**Task item**
Print the records exactly as written, and let no picture into the answer.

[Data records]
:::
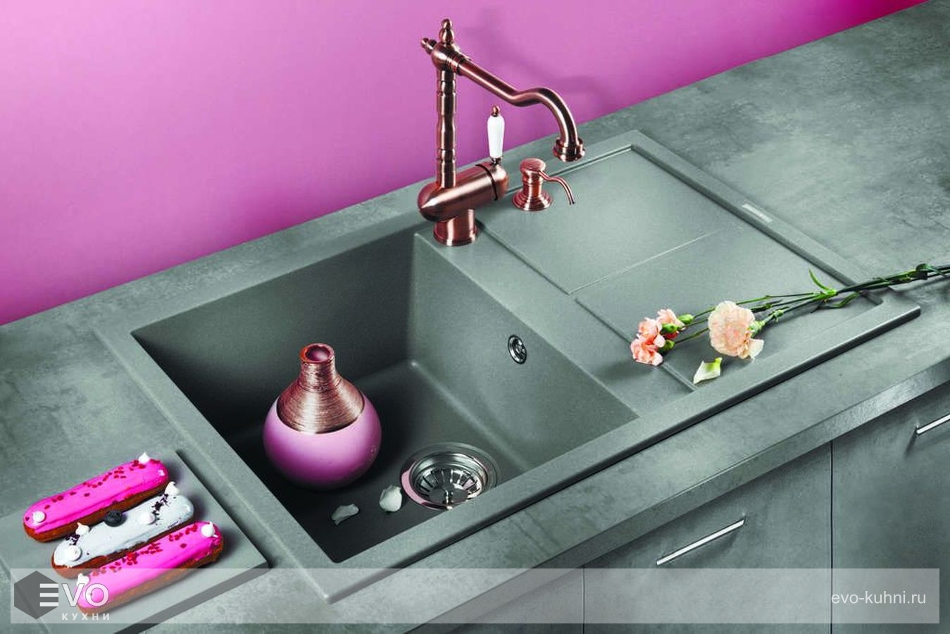 TETOGRANIT® — это связь гранита с акриловой смолой, которая выявляет лучшие качества гранита: выдерживает высокие температуры и удары. При изготовлении таких моек применяется специальный способ окрашивания частиц гранита: пигмент не только наносится на их поверхность, но и проникает во внутренние структуры камня благодаря запеканию при температуре выше 700 градусов.
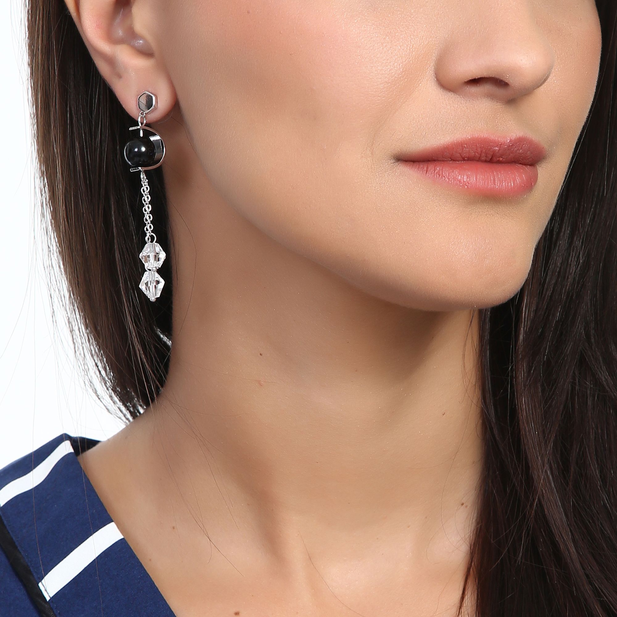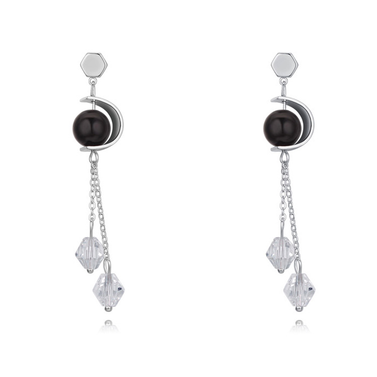 Finos aretes en baño de oro blanco de 18 quilates con cristales en color blanco y perla negra de cristal. Fabricado en una estructura de aleación de platino con rodio sin níquel.
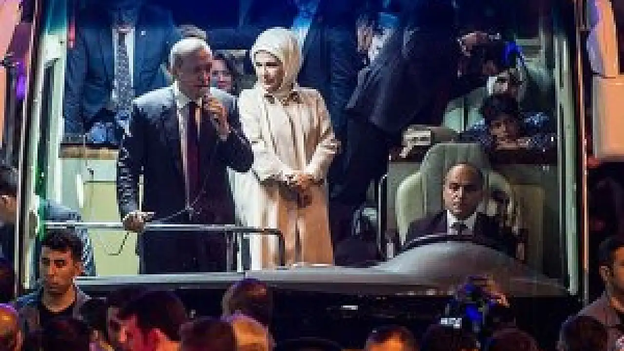 Erdoğan, ilçeden ayrılmadan önce Güneysu Merkez Cami önünde kendisini bekleyen vatandaşlara makam aracından inerek otobüs üzerinden hitap etti.
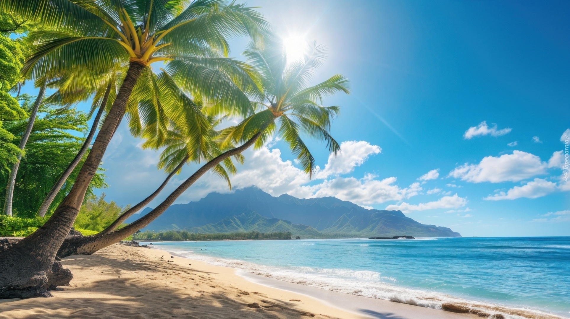 Edytor tapety: Palmy na morskiej plaży w promieniach słońca
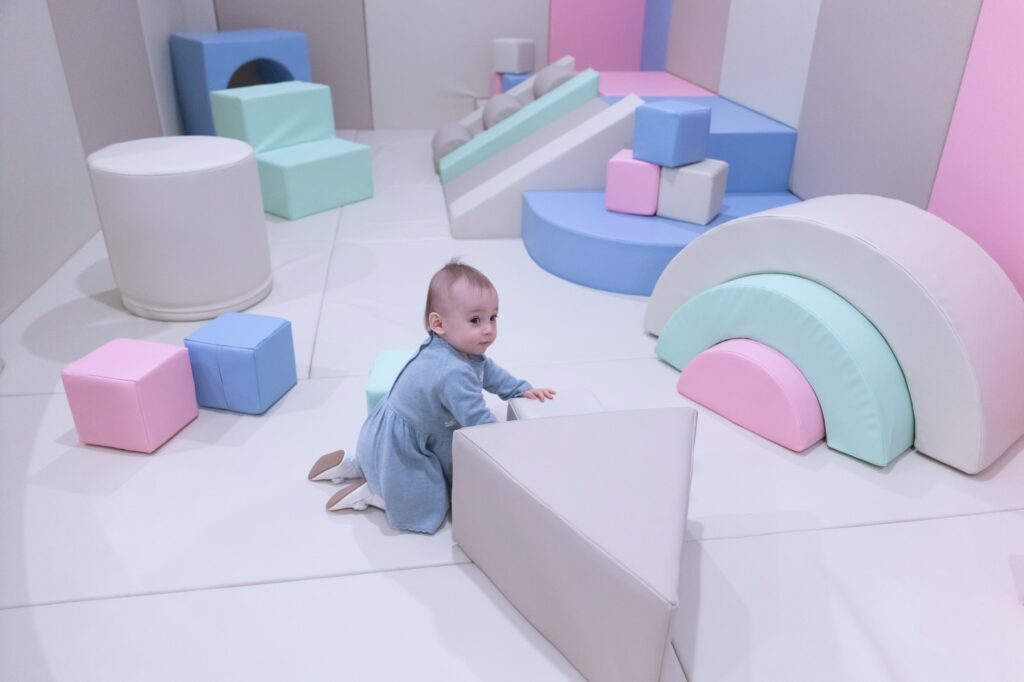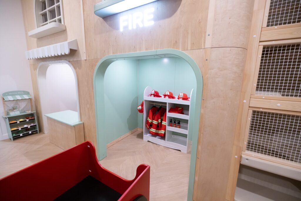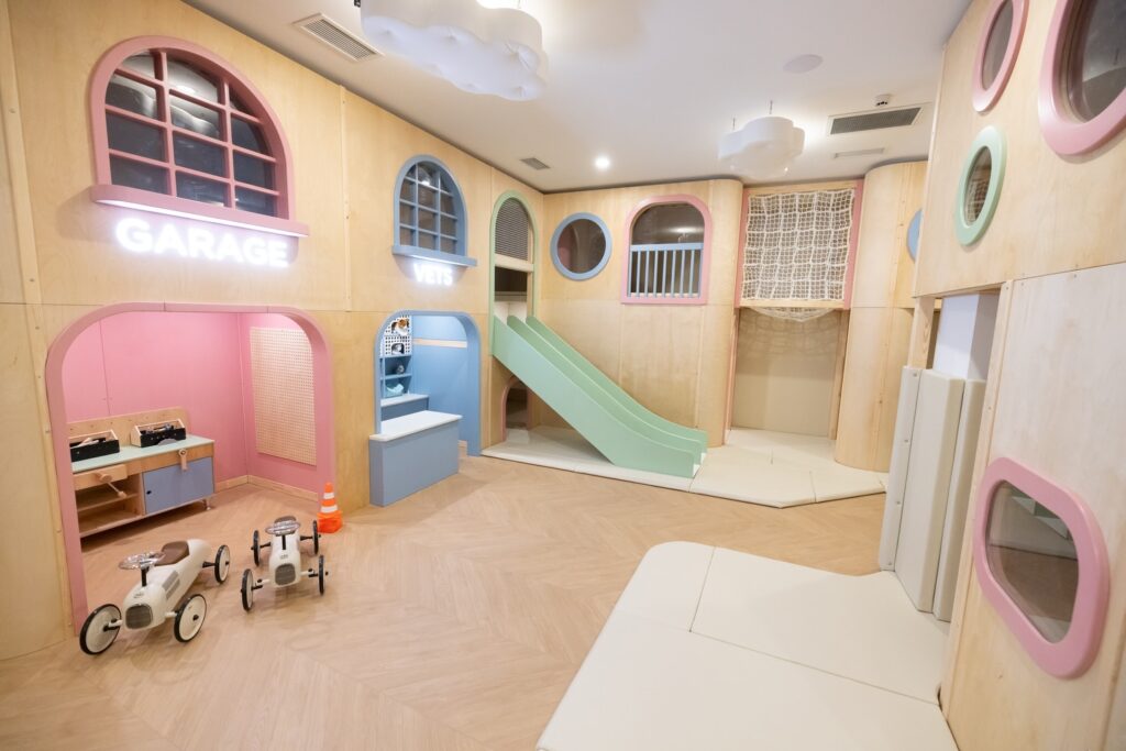 Пространство, разработанное в партнерстве с британской компанией Tiger Play, специализирующейся на изготовлении конструкций на заказ, состоит из нескольких зон. Для детей от 0 до 18 месяцев предусмотрена безопасная зона для развития моторики с мягким покрытием. Дети до 7 лет могут исследовать многоуровневую конструкцию с горками, подвесными мостиками, скалодромами и спусками. Уголок для чтения, зона для строительства и семейное кафе дополняют предложение.
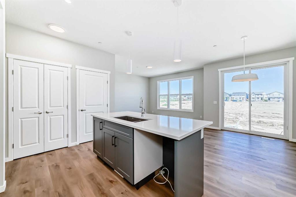 Welcome to the exquisite "Carisa" floor plan, where nearly 1,700 SqFt of thoughtfully designed space combines modern elegance with unmatched functionality. This home’s layout is tailored for both comfort and style, creating the perfect setting for family living and entertaining. As you step inside, you’ll be greeted by the warmth and durability of vinyl plank flooring that flows seamlessly throughout the main level, accentuating the modern finishes and striking architectural details. Natural light pours in through the back wall of windows, infusing the open-concept living areas with an inviting ambiance. Dual sliding patio doors extend your living space to the expansive backyard, ready for your personal touch to create the ultimate indoor-outdoor oasis. At the heart of the home, the kitchen is a chef’s dream. Featuring two-tone cabinetry, sleek quartz countertops, and a stylish tile backsplash that wraps elegantly around a chimney-style hood fan, this kitchen is as functional as it is beautiful. Stainless steel appliances and a thoughtfully positioned mudroom with direct kitchen access ensure that even grocery days are effortless. A cozy dining nook and a spacious living room, are perfectly positioned to enjoy the home’s abundant natural light. The smartly designed pocket office offers the perfect work-from-home setup or a dedicated homework space for the kids. Upstairs, a versatile bonus room serves as the ideal family retreat, separating the serene primary suite from the secondary bedrooms. The primary suite is a tranquil haven, complete with a luxurious 4-piece ensuite featuring an oversized shower and ample space to unwind. The two additional bedrooms are generously sized, making them ideal for children or guests. With an upstairs laundry room and a stylish 4-piece bathroom, convenience is woven into every detail of this home. **This home also comes complete with full front and backyard landscaping, including sod, mulch on the side yards, and trees/shrubs in the front as per community guidelines. Located in the vibrant southeast Calgary community of Hotchkiss, this home offers more than just a beautiful living space. Residents enjoy stunning mountain views, 51 acres of park space, interconnected walking paths, and a central wetland. Designed with families in mind, Hotchkiss is a community where you can truly belong and thrive.
:::
**Answer to this task**
 TETOGRANIT® — это связь гранита с акриловой смолой, которая выявляет лучшие качества гранита: выдерживает высокие температуры и удары. При изготовлении таких моек применяется специальный способ окрашивания частиц гранита: пигмент не только наносится на их поверхность, но и проникает во внутренние структуры камня благодаря запеканию при температуре выше 700 градусов.
 Finos aretes en baño de oro blanco de 18 quilates con cristales en color blanco y perla negra de cristal. Fabricado en una estructura de aleación de platino con rodio sin níquel.
 Erdoğan, ilçeden ayrılmadan önce Güneysu Merkez Cami önünde kendisini bekleyen vatandaşlara makam aracından inerek otobüs üzerinden hitap etti.
 Edytor tapety: Palmy na morskiej plaży w promieniach słońca
 Пространство, разработанное в партнерстве с британской компанией Tiger Play, специализирующейся на изготовлении конструкций на заказ, состоит из нескольких зон. Для детей от 0 до 18 месяцев предусмотрена безопасная зона для развития моторики с мягким покрытием. Дети до 7 лет могут исследовать многоуровневую конструкцию с горками, подвесными мостиками, скалодромами и спусками. Уголок для чтения, зона для строительства и семейное кафе дополняют предложение.
 Welcome to the exquisite "Carisa" floor plan, where nearly 1,700 SqFt of thoughtfully designed space combines modern elegance with unmatched functionality. This home’s layout is tailored for both comfort and style, creating the perfect setting for family living and entertaining. As you step inside, you’ll be greeted by the warmth and durability of vinyl plank flooring that flows seamlessly throughout the main level, accentuating the modern finishes and striking architectural details. Natural light pours in through the back wall of windows, infusing the open-concept living areas with an inviting ambiance. Dual sliding patio doors extend your living space to the expansive backyard, ready for your personal touch to create the ultimate indoor-outdoor oasis. At the heart of the home, the kitchen is a chef’s dream. Featuring two-tone cabinetry, sleek quartz countertops, and a stylish tile backsplash that wraps elegantly around a chimney-style hood fan, this kitchen is as functional as it is beautiful. Stainless steel appliances and a thoughtfully positioned mudroom with direct kitchen access ensure that even grocery days are effortless. A cozy dining nook and a spacious living room, are perfectly positioned to enjoy the home’s abundant natural light. The smartly designed pocket office offers the perfect work-from-home setup or a dedicated homework space for the kids. Upstairs, a versatile bonus room serves as the ideal family retreat, separating the serene primary suite from the secondary bedrooms. The primary suite is a tranquil haven, complete with a luxurious 4-piece ensuite featuring an oversized shower and ample space to unwind. The two additional bedrooms are generously sized, making them ideal for children or guests. With an upstairs laundry room and a stylish 4-piece bathroom, convenience is woven into every detail of this home. **This home also comes complete with full front and backyard landscaping, including sod, mulch on the side yards, and trees/shrubs in the front as per community guidelines. Located in the vibrant southeast Calgary community of Hotchkiss, this home offers more than just a beautiful living space. Residents enjoy stunning mountain views, 51 acres of park space, interconnected walking paths, and a central wetland. Designed with families in mind, Hotchkiss is a community where you can truly belong and thrive.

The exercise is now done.